How to find Probability Mass Function when computing Variance of a random variable?

Question

I'm trying to understand an example on finding Variance of a random variable. See example here on StatLect. Here's the relevant excerpt where I'm stuck.

Let $X$ be a discrete random variable with support

$$R_X = \{0,1\}$$

and Probability Mass Function (PMF)

$$p_X(x) = \begin{cases} q & \text{if $x=1$}, \\1-q & \text{if $x=0$}, \\0 & \text{$otherwise$} \end{cases}$$

where $0\le q \le1$.

I'm trying to figure out the alternative approach mentioned in the example where in order to find Variance I have to find the expected value $E[(X-E[X])^2]$.

I was able to figure out $E[X]$ easily. I computed the support $R_Z$ of $Z = (X-E[X])^2$ by evaluating Z for each value X and corresponding $E[X]$ would take. That gave me the support $R_Z = \{(1-q)^2, q^2\}$. Is this approach correct BTW?
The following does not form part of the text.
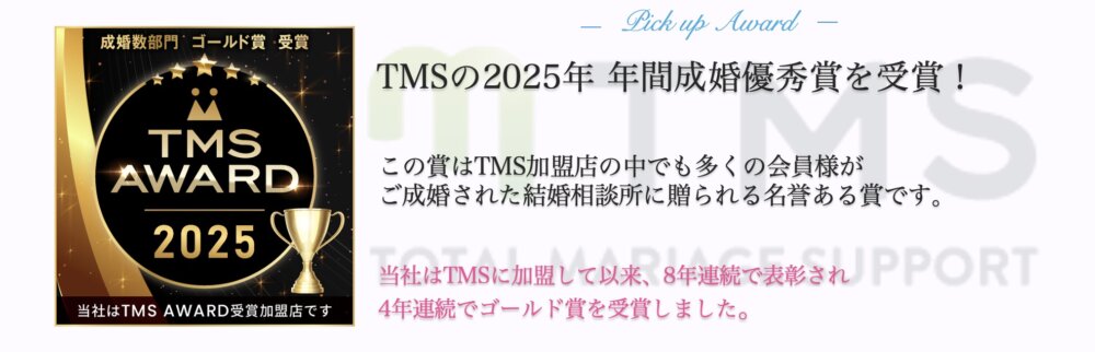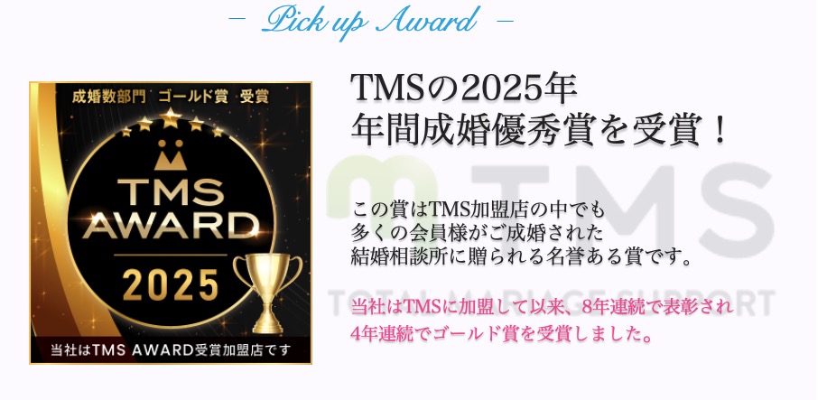 ご成婚に結びつきやすい婚活環境(会員数、会員構成など)を整え、会員様お一人おひとりに対して、婚活スタート前の勉強会の実施、24時間メールでの相談受付けなど、お見合い当日の応援などのきめ細やかなサポートを実践することで、高い成婚率を実現しています。

It is this next step where the author computed PMF for Z which I could not figure out. He computed the following PMF

$$ p_Z(z) = \begin{cases} q & \text{if $z=(1-q)^2$}, \\1-q & \text{if $z=q^2$}, \\0 & \text{$otherwise$} \end{cases}$$

I guess this is trivial but how do I find what would be the probability of Z at $z=(1-q)^2$ and $q^2$?

Answer 1

$\mathsf E(X)~{= 1\cdot p_{\small X}(1)+ 0\cdot p_{\small X}(0)\\=q}$

I guess this is trivial but how do I find what would be the probability of Z at z=(1−q)2 and q2?
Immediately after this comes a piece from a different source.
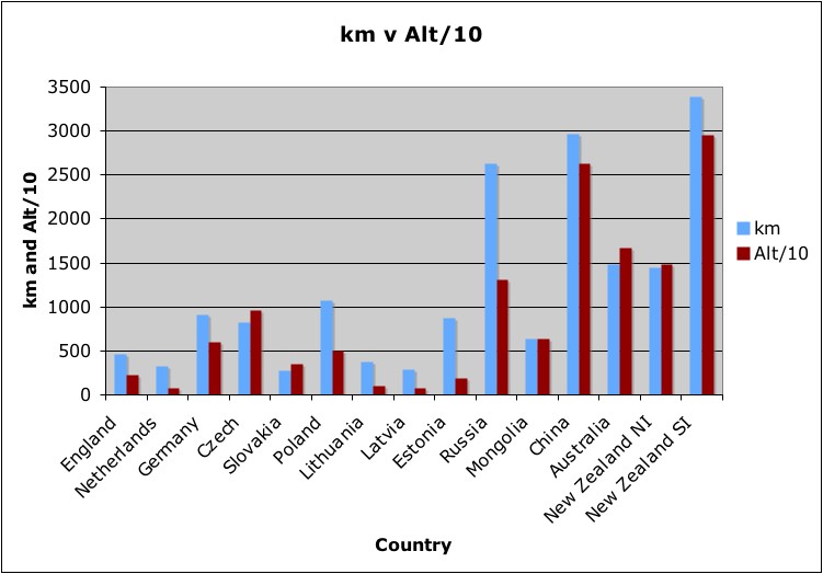 | Please find below a selection of graphs relating to the statistics of our trip from Worcester to New Zealand. If you have a request for a graph and we have the information please let us know and we shall endeavour to include it on this page.

By definition $Z=(X-q)^2$ so...

The event of $\{X\,{=}\,1\}$ is the event $\{Z\,{=}\,(1-q)^2\}~$ so therefore $~p_{\small Z}((1-q)^2)=p_{\small X}(1)$

Likewise : $\{X\,{=}\,0\}$ is $\{Z\,{=}\,(0-q)^2\}~$ and therefore $~p_{\small Z}(q^2)=p_{\small X}(0)$

So $$p_{\small Z}(z)=\begin{cases} q&:& z=(1-q)^2\\1-q&:& z=q^2\\0&:&\text{elsewhere}\end{cases}$$